This story first appeared on the TomDispatch website.
The United States and Pakistan are by now a classic example of a dysfunctional nuclear family (with an emphasis on "nuclear"). While the two governments and their peoples become more suspicious and resentful of each other with every passing month, Washington and Islamabad are still locked in an awkward post-9/11 embrace that, at this juncture, neither can afford to let go of.
Washington is keeping Pakistan, with its collapsing economy and bloated military, afloat but also cripplingly dependent on its handouts and US-sanctioned International Monetary Fund loans. Meanwhile, CIA drones unilaterally strike its tribal borderlands. Islamabad returns the favor. It holds Washington hostage over its Afghan War from which the Pentagon won't be able to exit in an orderly fashion without its help. By blocking US and NATO supply routes into Afghanistan (after a US cross-border air strike had killed 24 Pakistani soldiers) from November 2011 until last July, Islamabad managed to ratchet up the cost of the war while underscoring its indispensability to the Obama administration.
At the heart of this acerbic relationship, however, is Pakistan's arsenal of 110 nuclear bombs which, if the country were to disintegrate, could fall into the hands of Islamist militants, possibly from inside its own security establishment. As Barack Obama confided to his aides, this remains his worst foreign-policy nightmare, despite the decision of the US Army to train a commando unit to retrieve Pakistan's nukes, should extremists seize some of them or materials to produce a "dirty bomb" themselves.
Two Publics, Differing Opinions
Pakistan's military high command fears the Pentagon's contingency plans to seize its nukes. Following the clandestine strike by US SEALs that killed Osama bin Laden in Abbottabad in May 2011, it loaded elements of its nuclear arsenal onto trucks, which rumbled around the country to frustrate any possible American attempt to grab its most prized possessions. When Senator John Kerry arrived in Islamabad to calm frayed nerves following Bin Laden's assassination, high Pakistani officials insisted on a written US promise not to raid their nuclear arsenal. He snubbed the demand.
Since then mutual distrust between the two nominal allies—a relationship encapsulated by some in the term "AmPak"—has only intensified.

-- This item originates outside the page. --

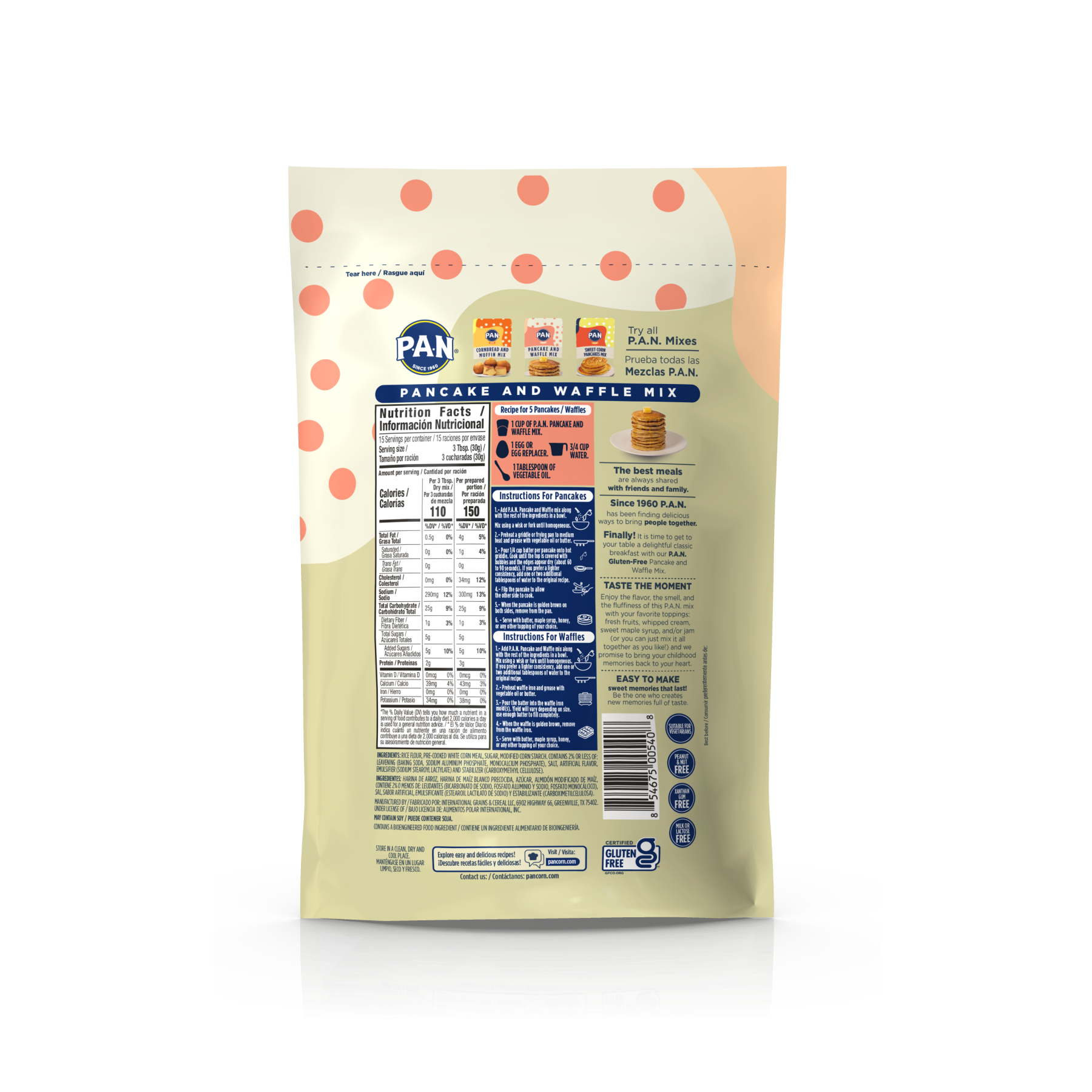 La Mezcla para Panquecas y Waffles P.A.N. está hecha con harina de maíz blanco precocida y harina de arroz; ofrece panquecas esponjosas y waffles crujientes con un sabor delicioso y, lo más importante, es libre de gluten.

Last month, for instance, Pakistan became the sole Muslim country to officially call on the Obama administration to ban the anti-Islamic 14-minute video clipInnocence of Muslims, which depicts the Prophet Muhammad as a womanizer, religious fraud, and pedophile.

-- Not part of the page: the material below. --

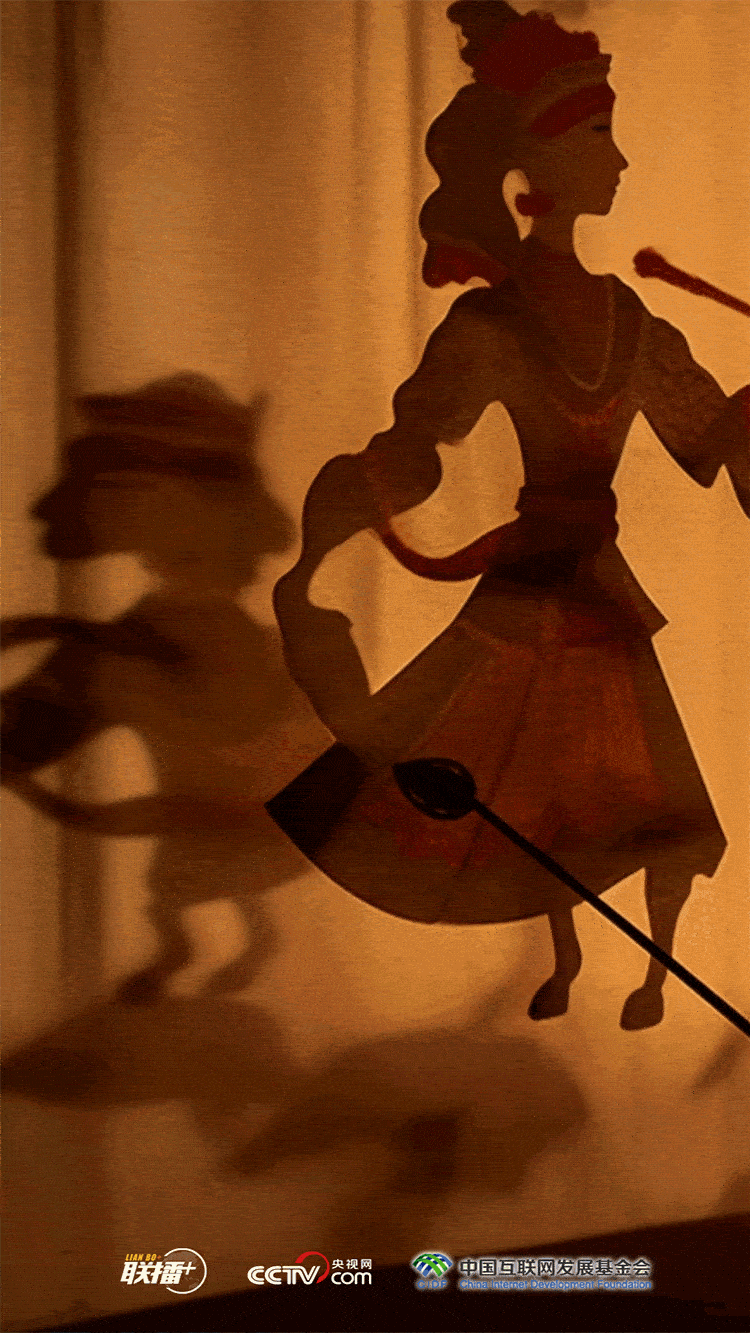 聯(lián)播+“一口道盡千古事,雙手對(duì)舞百萬兵?!逼び八嚾瞬倏仄ぶ苹蚣堉频牟噬芭夹蜗螅柚饩€照射在半透明的幕布上創(chuàng)造出動(dòng)態(tài)圖像,演繹古往今來、跌宕起伏的精彩故事。

While offering a bounty of $100,000 for the killing of Nakoula Basseley Nakoula, an Egyptian-American Christian producer of the movie, Pakistan's Railways Minister Ghulam Ahmad Bilour called on al-Qaeda and the Pakistani Taliban to be "partners in this noble deed." Prime Minister Raja Ashraf distanced his government from Bilour's incitement to murder, a criminal offense under Pakistani law, but did not dismiss him from the cabinet. The US State Department strongly condemned Bilour's move.
Pakistan also stood out as the only Muslim state whose government declared a public holiday, "Love the Prophet Muhammad Day," to encourage its people to demonstrate against the offending movie. The US Embassy's strategy of disarming criticism with TV and newspaper ads showing President Obama and Secretary of State Hillary Clinton condemning "the content and the message" of the film failed to discourage protesters. In fact, the demonstrations in major Pakistani cities turned so violent that 23 protesters were killed, the highest figure worldwide.

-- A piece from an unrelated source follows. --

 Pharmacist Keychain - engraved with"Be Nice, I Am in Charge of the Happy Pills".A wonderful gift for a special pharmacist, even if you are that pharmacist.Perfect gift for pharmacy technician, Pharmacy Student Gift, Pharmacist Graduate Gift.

Taking advantage of the government's stance, proscribed jihadist organizations made a defiant show of their continued existence. In Lahore, the capital of Punjab, the country's largest province, activists from the banned Lashkar-e Taiba (Army of the Pure), whose leader Hafiz Saeed is the target of a $10 million bounty by Washington, led protesters toward the American consulate where perimeter defenses had been breached earlier in the week. In Islamabad, activists from the Sipah-e-Sahaba (Soldiers of the Prophet's Companions), an outlawed Sunni faction, clashed with the police for hours in the course of a march to the heavily guarded diplomatic enclave.
These outlawed organizations continue to operate with impunity in an environment that has grown rabidly anti-American. A June 2012 survey by the Washington-based Pew Research Center (PRC) found that 74% of Pakistanis consider the United States an enemy. By contrast, only 12% believe that US aid helps solve problems in their country in a situation in which 89% describe their nation's economic situation as "bad."
The American public's view of Pakistan is equally bleak. February polls by Gallup and Fox News indicated that 81% of Americans had an unfavorable view of that country; just 15% held a contrary view, the lowest figure of the post-9/11 period (with only the remaining "axis of evil" states of Iran and North Korea faring worse).
Clashing Views on the War on Terror
Most Americans consider Pakistan an especially unreliable ally in Washington's war on terror. That it provided safe haven to bin Laden for 10 years before his violent death in 2011 reinforced this perception. Bin Laden's successor, Ayman Zawahiri, is widely believed to be hiding in Pakistan. So, too, are Mullah Muhammad Omar and other leaders of the Afghan Taliban.
It beggars belief that this array of Washington's enemies can continue to function inside the country without the knowledge of its powerful Inter-Services Intelligence directorate (ISI) which reputedly has nearly 100,000 employees and informers. Even if serving ISI officers are not in cahoots with the Afghan Taliban, many retired ISI officers clearly are.